The analysis model must achieve three primary objectives:
1. To describe what the customer requires
2. To establish a basis for the creation of software design,
3. To define a set of requirements that can be validated once the
software is built.

SOFTWARE DESIGN

Design is the first phase in the development phase for any system. It
may be defined as the process of applying various techniques and
principles for the purpose of defining a device a process or a system in
sufficient detail to permit physical realization. The designers goal is to
produce a model or representation of an entity that will later be built.
The process by which the model is developed combines intuition and
judgment based on experience in building similar entities, a set of
principles and/or heuristic that guides the way in which the model
evolves, a set of Criteria that enables quality to be judged, and a process
of iteration that ultimately leads to a final design representation.
Actually software design sites at the technical kernel of the software
engineering process and is applied regardless of the software process
model that is used. Beginning once software requirements have been
analyzed and specified, software design is the first of three technical
activity designs, code generation and testing which are required to build
and verify the software.
Each activity transforms information in a manner that ultimately results
in validated computer software. Each of the elements of the analysis
model provides information that is required to create a design model.
Software requirements manifested by the data, functional and behavioral
model feed the design steps. Using one of a number of design methods,
the design step produces a data design an architectural design an
interface design, and a procedural design.

This data design transforms the information domain model created
during analysis into the data structures that will be required to
implement the software. The data objects and the relationships defined
in the entity-relationship diagram and the detailed design depicted in the
data dictionary provides the basis for the data design activity.
The architectural design defines the relationship among those major
structural elements of the program. This design representation- the
modular framework of a computer program- can be derived from the
analysis model(s) and the interaction of sub-system defined within the
analysis model.
The interface design describes how the software communication within
itself, to systems that inter-operate with it, and with humans who use it.
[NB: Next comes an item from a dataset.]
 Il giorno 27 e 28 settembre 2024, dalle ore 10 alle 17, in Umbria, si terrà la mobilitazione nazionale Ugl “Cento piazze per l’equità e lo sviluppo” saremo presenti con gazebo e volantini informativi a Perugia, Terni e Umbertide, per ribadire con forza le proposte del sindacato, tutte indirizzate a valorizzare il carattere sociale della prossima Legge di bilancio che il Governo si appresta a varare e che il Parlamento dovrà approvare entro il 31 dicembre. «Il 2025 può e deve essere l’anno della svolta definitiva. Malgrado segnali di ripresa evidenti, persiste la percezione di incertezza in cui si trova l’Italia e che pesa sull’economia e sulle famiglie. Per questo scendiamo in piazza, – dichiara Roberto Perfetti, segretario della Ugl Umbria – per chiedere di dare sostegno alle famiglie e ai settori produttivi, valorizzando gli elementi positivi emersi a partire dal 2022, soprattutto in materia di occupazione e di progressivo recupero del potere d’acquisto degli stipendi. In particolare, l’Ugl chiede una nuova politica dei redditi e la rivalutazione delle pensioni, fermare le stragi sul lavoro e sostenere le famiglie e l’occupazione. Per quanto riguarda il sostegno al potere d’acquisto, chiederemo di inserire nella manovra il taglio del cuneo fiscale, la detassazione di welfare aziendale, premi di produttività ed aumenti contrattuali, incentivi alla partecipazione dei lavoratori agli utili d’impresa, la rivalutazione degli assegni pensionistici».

An interface implies a flow of information (e.g. data and /or
control).Therefore, the data and flow diagrams provide the information
required for the interface design.
The procedural design transforms structural elements of the program
architecture into a procedural description of software components.
Information obtained from the PSPEC, CSPEC, and STD serves as the
basis for procedural design. During design, we make decisions that will
ultimately affect the success of software construction, and as important,
the ease with which software can be maintained.
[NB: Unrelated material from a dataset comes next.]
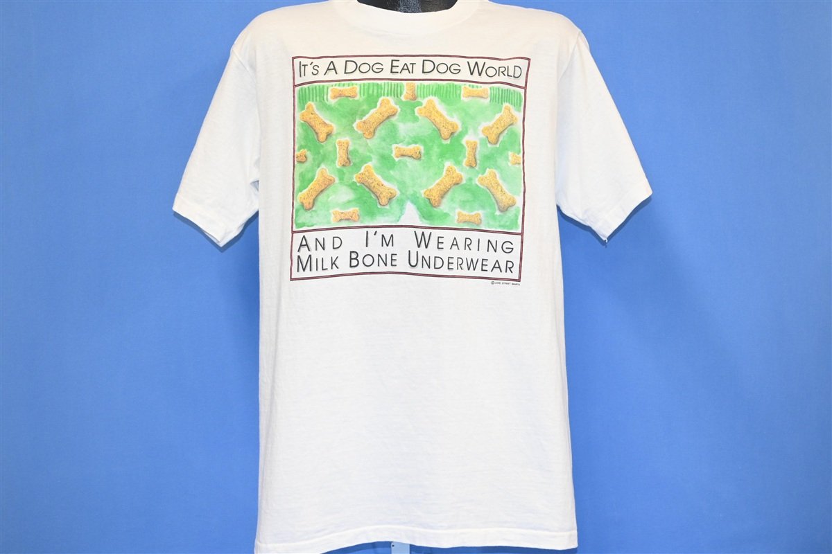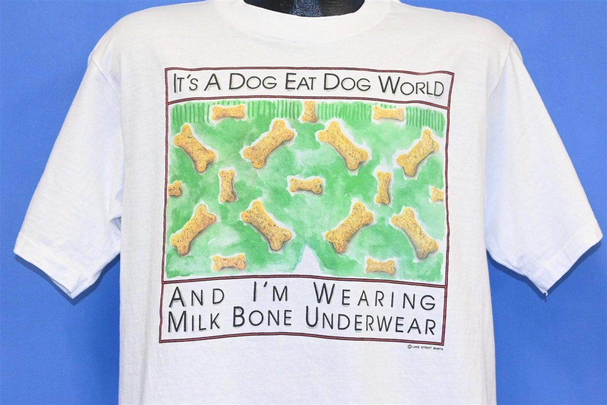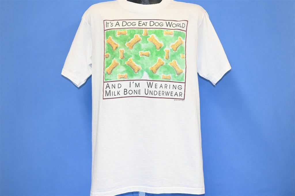 90s It's a Dog Eat Dog World Milkbone Underwear t-shirt Large

Actually, the importance of software can be stated in a single word-
quality. Design is the place where quality is fostered in software
development. Design provides us with representations of software that
can be assessed for quality. Design is the only way we can accurately
translates a customers requirements into a finished software product or
system. Software design serves as the foundation of all the software
engineering and software maintenance steps that follow. Without design,
we risk building an unstable system-one that will fail when small
changes are made; one that may be difficult to test; one whose utility can
not be
Accessed until the late in the software engineering process, when time is
short and many dollars have already been spent.